本誌が皆さんのお手元に届く頃にはいよいよ新元号の『令和』が始まります。心構えも新たに、新しい時代に相応しい日々の生活を始めたいものです。
 
さて、昨年のこの頃は皇円大菩薩様の御入定八百五十年大遠忌法要と多宝塔落慶法要に向けて、様々な準備に追われる日々でありました。そして、あの記憶に残る世紀の大法要が、多くの信者の皆さん方のお参りの中で厳修されました。
 
私の高校時代の恩師にはアルティック(ARTIC=認定NPO法人れんげ国際ボランティア会)の副会長を務めて頂いている関係で、落慶法要にご参列頂きました。後日、その先生より、「大変感動しました。一生の記憶に残る盛儀で、多宝塔建立の歴史的・世界的な意義が充分に伝わりました」と、嬉しい感想を頂戴しました。
 
昨年はそのような都合により、恒例の六月大祭での「龍火くだり」を含む行事は執行致しませんでした。
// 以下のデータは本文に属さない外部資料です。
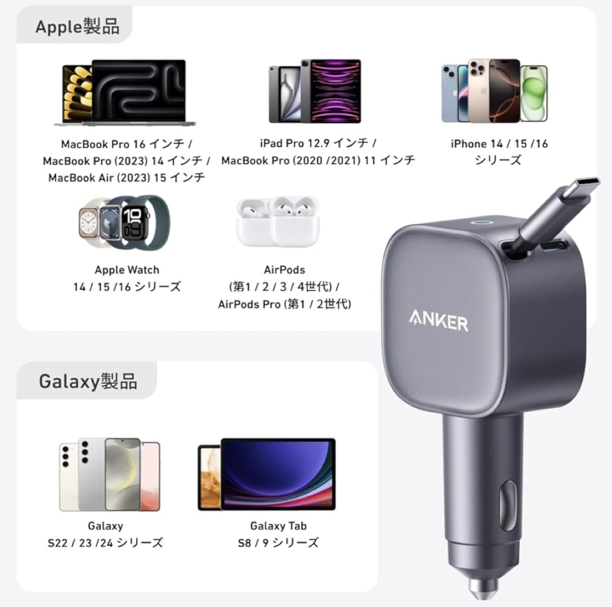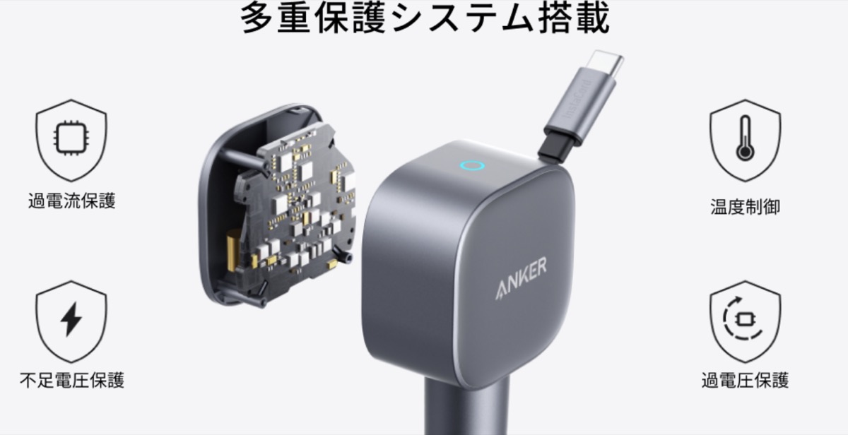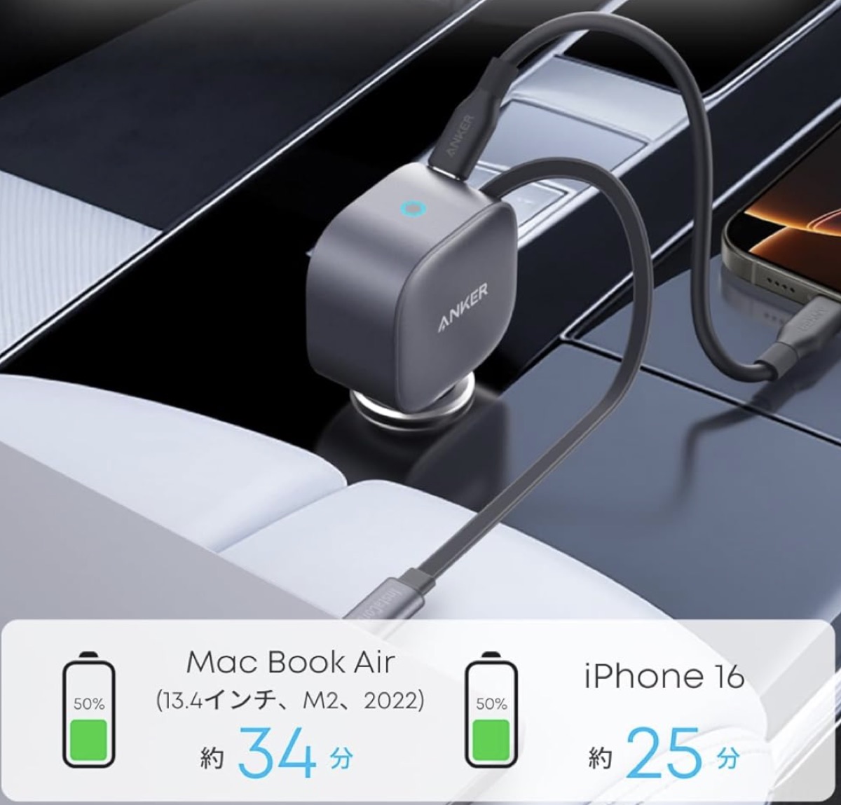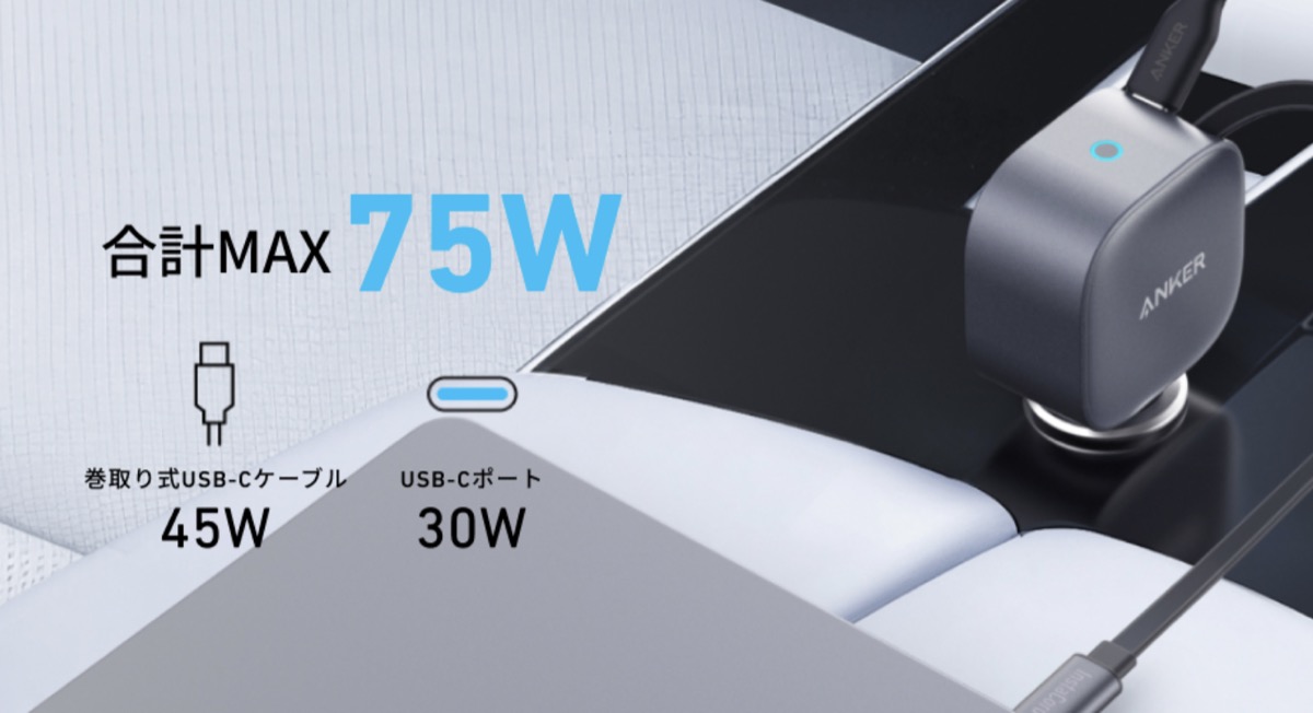 Ankerから「Anker Nano Car Charger (75W, 巻取り式 USB-Cケーブル)」。
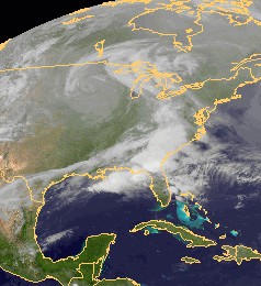 Auf dem Satellitenfoto von heute morgen ist besonders über dem Norden Floridas und dem Süden Georgias dichte Bewölkung zu erkennen. Hier sorgt ein Tief für zeitweise kräftige und ergiebige Niederschläge. Ebenfalls zeitweise regnerisch ist es auch weiter nördlich von Georgia, über Kentucky bis nach Kanada.
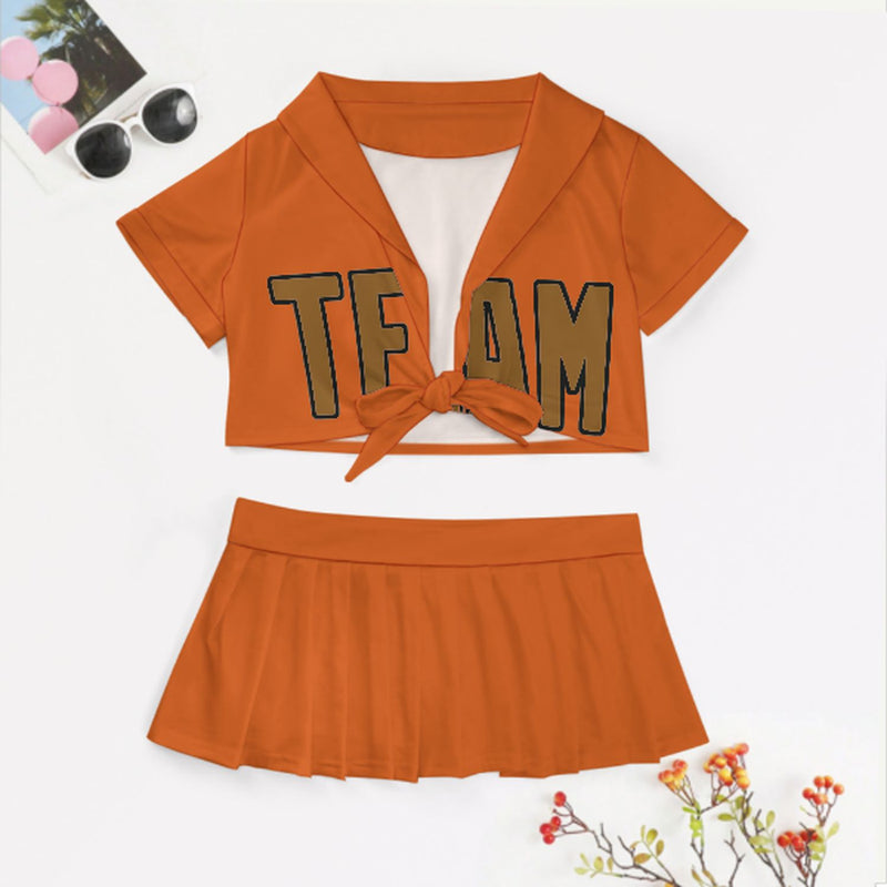 Maßgeschneidertes Orange Khaki Cheerleader Outfit Set
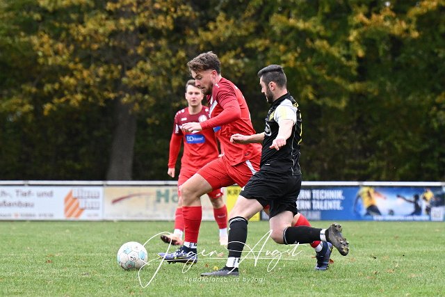 Fussball, Bezirksliga Ost, SG Lautzert-Oberdreis-Berod-Wahlrod (rot) vs SG Ahrbach (schwarz), 26.10.2025 | ||
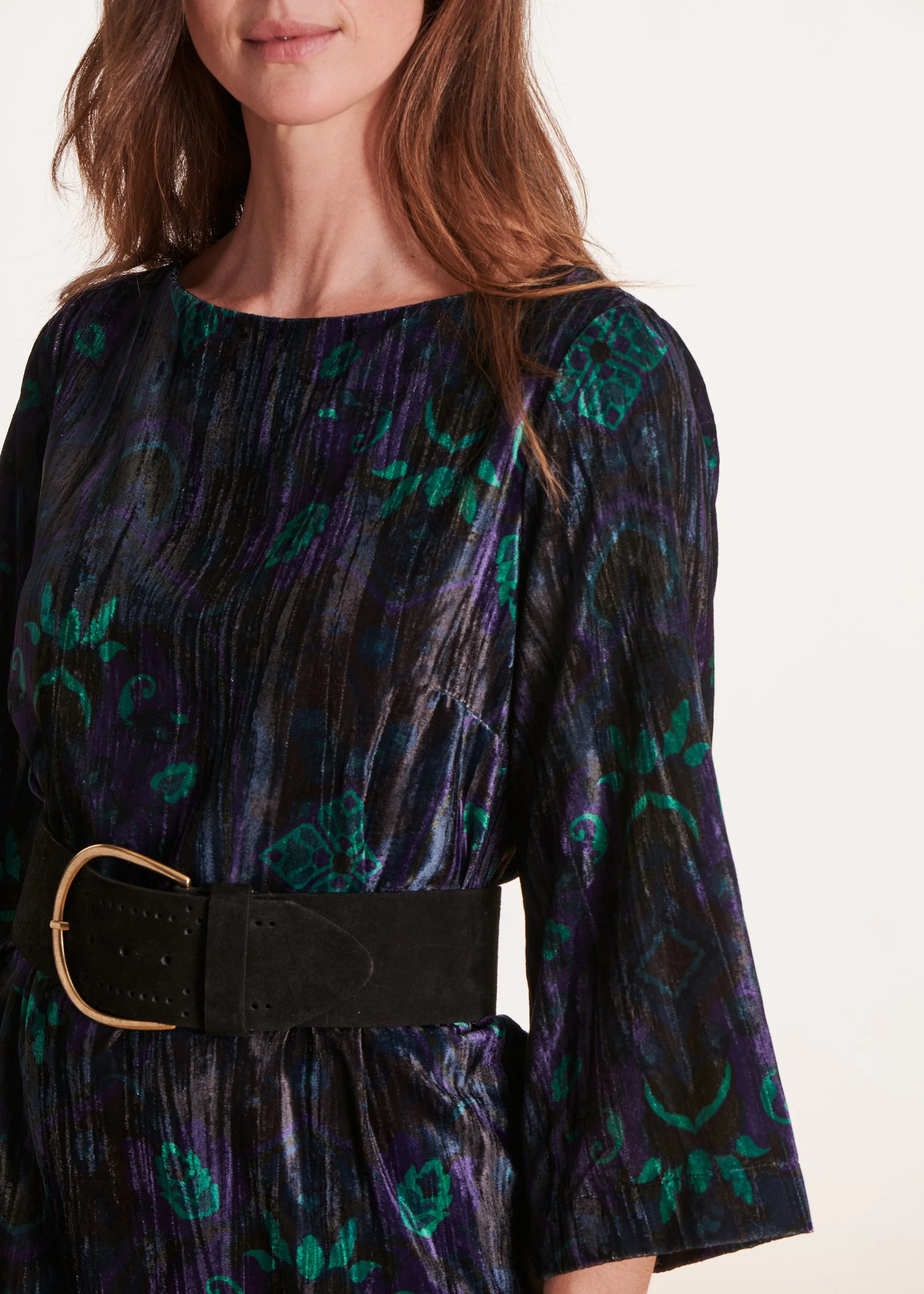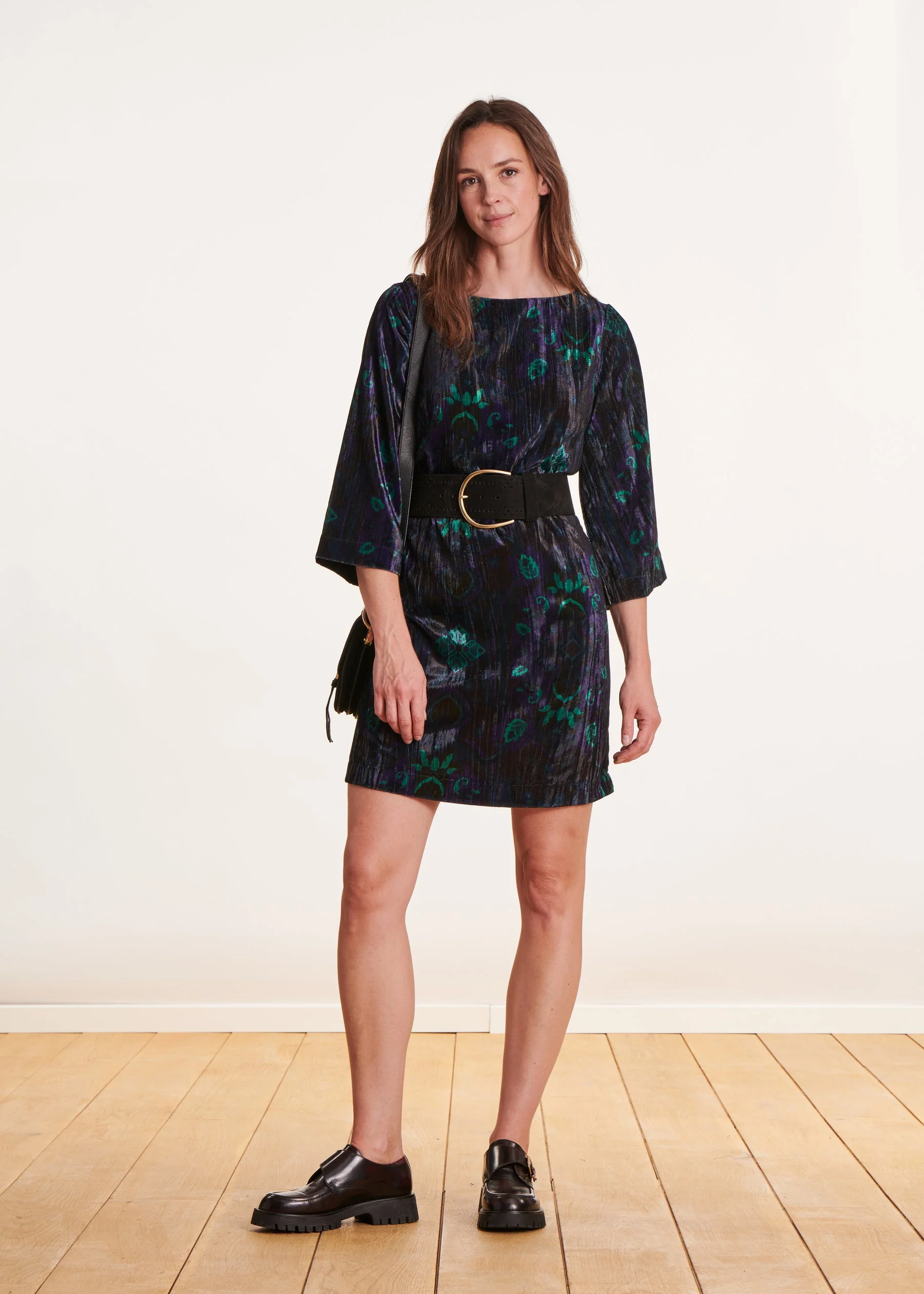 – Robe courte de cérémonie en velours à imprimé cachemire
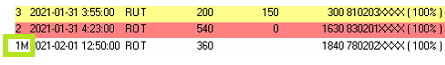 En ansökan där beloppet är manuellt korrigerat specificeras med bokstaven "M" efter färgkoden.
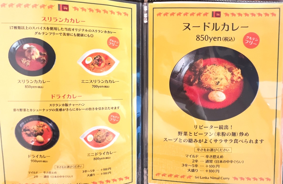 カレーのメニューは4種類。定番のスリランカカレーに、ライスが炒飯になったドライカレー、ビーフンで頂くヌードルカレー。

一度休んだ行事を再開するのは、なかなか大変な事です。
 
「龍火くだり」と「功徳行」は、蓮華院歴代貫主の祈りの結実
 
そもそも六月大祭で「龍火くだり」が始められた経緯は、先代真如大僧正様の、「本院と奥之院を信仰的に一体化するためには、この二箇所を繋ぐ宗教的で修行を兼ねた意味のある行事が必須だ」という思いがきっかけでした。
 
そんな中、皇円大菩薩様が苦難の龍神修行に入られたその深い思いを私達自身が身を以て追体験すべく、奥之院の五重御堂での「功徳行」と「龍火くだり」が始められたのでした。
 
「功徳行」は昭和五十三年の奥之院の落慶大法要以来毎年、この六月大祭と十一月大祭の〝前行〟として修し続けられ、それに加えて毎月第一日曜日に連綿と修し続けて来ました。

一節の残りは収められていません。